Linh Dinh and Darrel Lum
It's hard for me to understand the narrator of "Dead on Arrival." Is he coldblooded and amoral? The scene where he kills a classmate, if not merely a fantasy, is chilling. Is he feeling the pain of his situation but unable to articulate it? Clearly, he's traumatized by the North Vietnam/South Vietnam conflict: he says that he cannot wait to kill his "enemies," i.e., the North Vietnamese communists, who have killed his uncles and threaten his immediate family. At the same time, some of his reflections on his immediate world are poignant: his experience running into his mother with her "new husband," for example, suggests the pain of the encounter, much as in Jhumapa Lahiri's story, "Sexy." But the narrator of Linh's story never comments on how painful this must be for him -- everything about his emotional world is left to the reader to imagine.
Also, his comments on America and Americans, while naive in some sense, have a kind of ironic accuracy. Clearly, he is influenced by America's good repute in South Vietnam during the war, when America was the South's ally against the communist North. Yet he is able to pick out social problems or paradoxes of American culture that suggest a strange awareness of the problems America has always faced in dealing with its racial/ethnic/cultural others: "So-called white Americans are really red (they look red). Black Americans are blue. Red Americans are yellow" (110). This comment certainly reflects Linh's own status as an Asian-American writer at the time of this story's composition. And yet it also reflects something beyond the simple reality that one culture's perceptions may be entirely different than another's, in even the simplest (or most fundamental) ways. Color, Linh suggests, like otherness -- even political otherness a continent away -- is always understood in culturally prescribed ways.
Darrel Lum's protagonist, by contrast, is less traumatized, less violent, and perhaps more hopeful about his situation, and his persona seems to reflect the possibilities for cross-cultural understanding that Lum's story imagines. While he speaks in a pidgin English that recalls Henry Roth's young immigrants on the Lower East Side and in Brooklyn, Daniel also evidently wants to succeed in a culture whose most powerful figures are the "haole" teachers and principal of the school. Once Daniel realizes that he will be singled out in uncomfortable ways if he succeeds too obviously, he tries his best not to distinguish himself.

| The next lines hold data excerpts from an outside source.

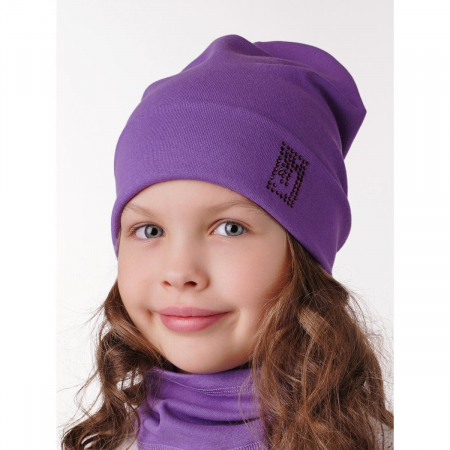 Двойная шапочка, из трикотажного полотна с отворотом. Декорирована фирменным лейблом из страз. Подойдет на температуру от 0 до + 10 градусов.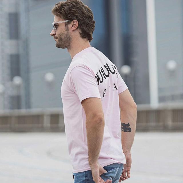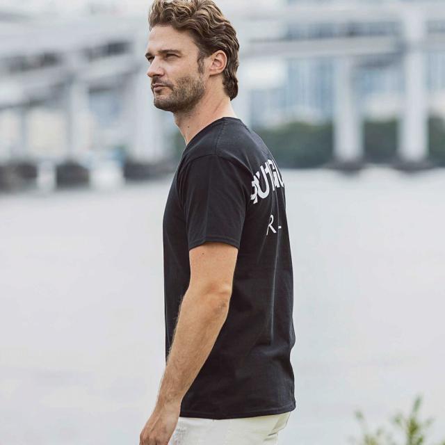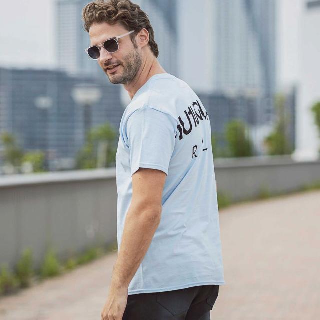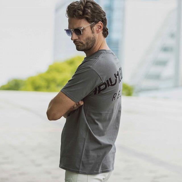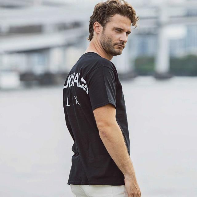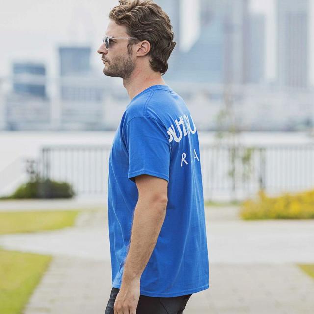バックに大きくロゴがプリントされたクルーネックTシャツ。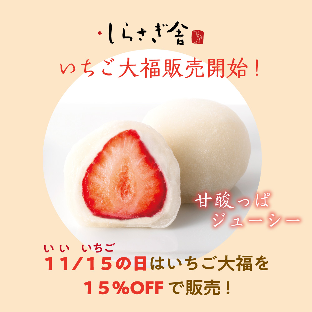 11月15日「いい いちごの日」は、いちご大福を15%OFFで販売いたします。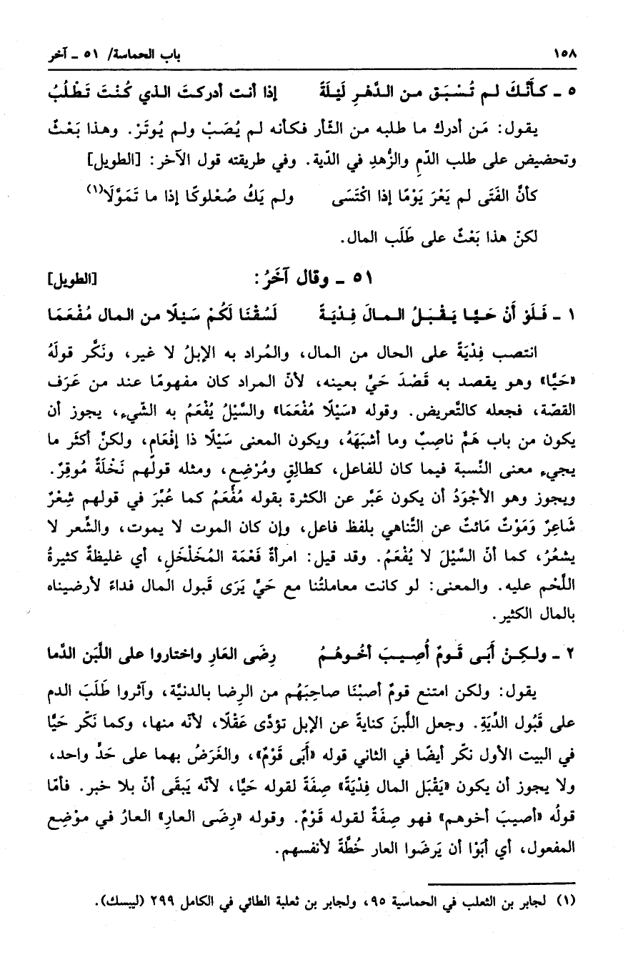 يقول: ولكن امتنع قومٌ أصبنا صاحبهم من الرضا بالدنية، وآثروا طلب الدم على قبول الدية. وجعل اللبن كنايةً عن الإبل تؤدي عقلاً، لأنه منها، وكما نكر حياً في البيت الأول نكر أيضاً في الثاني قوله أبى قومٌ، والغرض بهما على حدٍ واحد، ولا يجوز أن يكون يقبل المال فديةٌ صفة لقوله حيا، لأنه يبقى أن بلا خبر. فأما قوله أصيب أخوهم فهو صفةٌ لقوله قومٌ. وقوله رضى العار العار في موضع المفعول، أي أبوا أن يرضوا العار خطةً لأنفسهم.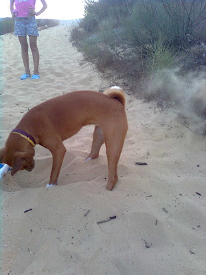 классные фото Альки! мне так нравиться,как баськи усердно любят норки капать!! наши вечно это делают,и едят корешки.интересно,а Алька чё искала в песке  ;D ;D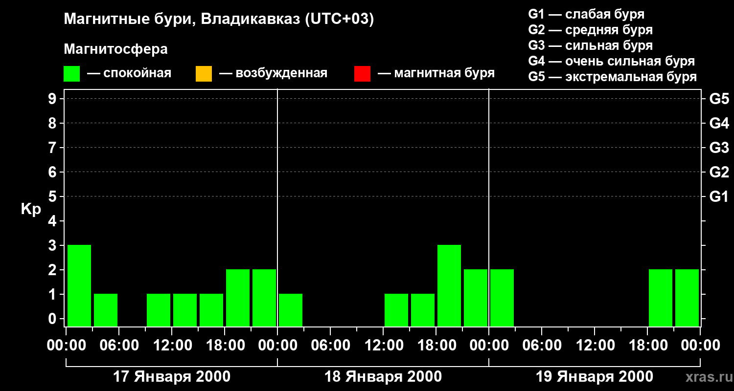 Изменения геомагнитного индекса Kp с 17 по 19 января 2000 года для средних широт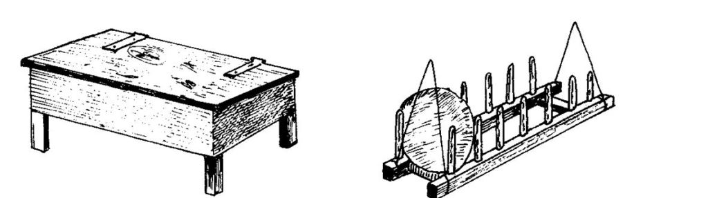 Celui de Noël et Marie isolé d’un rideau possède un marchepied. Mathurine, âgée de 2 ans, couche avec les parents tandis que Pierre le nouveau né dort au pied du lit dans un berceau d’osier, confectionné par Noël qui cultive plusieurs oseraies dans les terres basses du village du Chêne.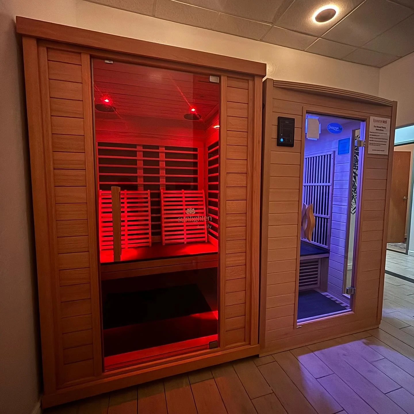 He walked me back through a short hallway past the infrared sauna pods (they offer those too, but I was here for the light). The treatment area had a couple of large upright red light panels. Tall, sleek vertical arrays with hundreds of LEDs, adjustable stands, and a small private booth setup with a mirrored wall, cushioned mat on the floor, and a control touchscreen. They call their premium setup the "Quantum Panel", combining 660nm red and 850nm NIR wavelengths, high irradiance for deep penetration.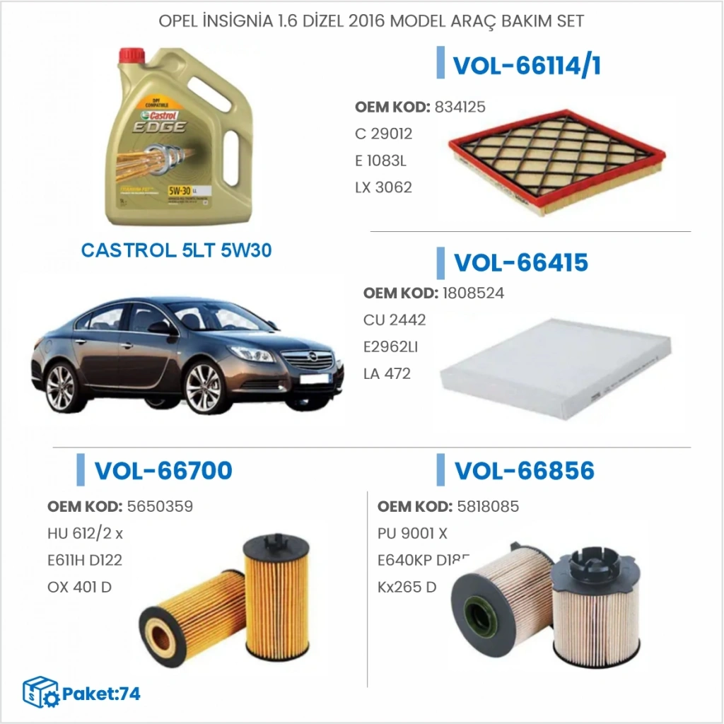 OPEL İNSİGNİA 1.6 DİZEL 2016 MODEL ARAÇ BAKIM SETİ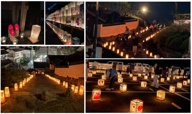 城下町として知られる杵築市は、江戸時代の町並みが今も残っており、会場は和やかな雰囲気。色々な灯籠が並ぶ坂道や路地を歩くと幻想的でした。屋台もたくさん出店しておりかなりの人手でした。毎年の秋の楽しみの一つとなりました。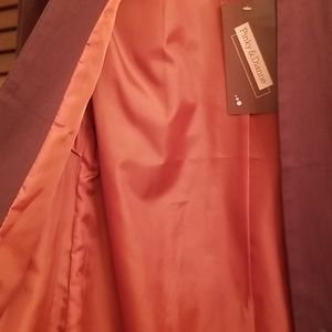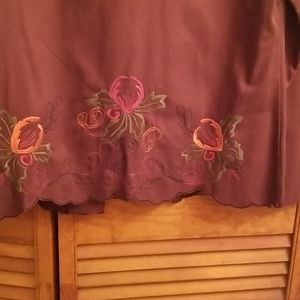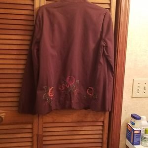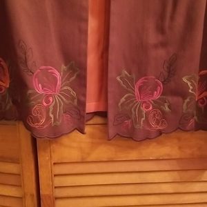 Charcoal brown jacket, long sleeves and lining on the inside. Flintstone ruffles at the bottom edges with beautiful designs.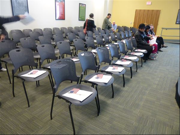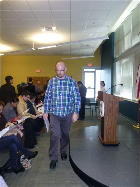 Last year, we decided to start the naturalization process for him to become a citizen. He had a green card, but we figured it would just make life simpler if he had US citizenship. It was a reasonably simple process – paperwork, money and a couple of trips to Portland. It culminated in our final trip to Portland last Tuesday for Colin’s final interview which lasted ten minutes and then a naturalization ceremony in the afternoon. All of the sudden, I was married to a US citizen!

And yet he feels the frustration of his teacher, Miss Hashimoto, when he fails at the school's spelling bee. He hadn't meant to fail that time -- he had simply erred, but she is convinced that he, like the other students, has given up on the possibility of success and contents himself instead in the role of failure. Like Linh's unnamed narrator, Daniel has adolescent sexual conflicts, but his are so much more innocent, less wracked by catastrophe as a backdrop.